Я поднялся в кузов. Сел на передней скамье.
— Путь в Жемайтию на Можейке? — спросил Варнас.
— Да, конечно, как условились.
Машина тронулась, выбралась из кривых и узких улочек на окраину города и, набирая скорость, помчалась по шоссе. Шофер Стасис Нагявичус — стройный молодой парень, похожий на Мефистофеля, но голубоглазый и русый, вел машину уверенно и смело. Мы ехали быстро. Разноцветные лоскутья полей, березовые рощи, огромные придорожные кресты сменялись хуторами с жалкими курными избами. Из маленьких оконцев нехотя выплывал сизый дым. А потом промелькнуло заброшенное имение. В парке белел ампирный дворец с колоннами. Аллеи из вековых тополей спускались с холма к дороге, а вдоль аллей — террасы искусственных прудов. Мои спутники вполголоса переговаривались между собой. Странно и тревожно звучала почти непонятная мне чужая речь.
Археологическая экспедиция началась.
Миновав несколько аккуратненьких одноэтажных городков, мы остановились в чистом поле, чтобы обсудить, какой дорогой ехать в Шауляй, где мне хотелось осмотреть лучший из провинциальных музеев Литвы.
— Как вы считаете, Нагявичус? — спросил я. — Вам, как шоферу, виднее.
Но голубоглазый Мефистофель только пробормотал в ответ:
— Не супранту (не понимаю), — и отвернулся.

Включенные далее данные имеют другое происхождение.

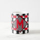 Quand le classique vintage rétro inspire l'art moderne, ce motif carré géométrique rouge et noir s'inspire du style vintage plaid et chekerboard de bufflonne, avec une touche memphis géométrique abstraite dans un motif esthétique pour former un motif décoratif élégant et élégant composé d'un bloc de couleur géométrique en rouge et noir et blanc pour donner une décoration agréable sur une tasse de café. Ce design peut être facilement personnalisé avec monogramme personnalisé Inital pour être le meilleur cadeau d'anniversaire et vacances unique présent pour noël au nouveau fan motif rouge et noir pour un art décoratif.

Ах, вот оно что! Не понимаешь, значит. А не далее как позавчера я видел Нагявичуса возле гаража, когда он в беседе с другими шоферами не только понимал, но и отлично сам произносил весьма крепкие русские выражения. Ну что ж, насильно мил не будешь. Наступившее молчание прервал археолог и завхоз экспедиции Юозас Моравскис, предложивший:
— Может быть, поедем через Пайстрис?
— Нет, — ответил я. — Поедем через Радвилишкис. Эта дорога короче и интереснее.
Моравскис перестал улыбаться, и круглое лицо его сразу сделалось очень серьезным.
— Откуда вы знаете дорогу на Шауляй? — осторожно спросил он.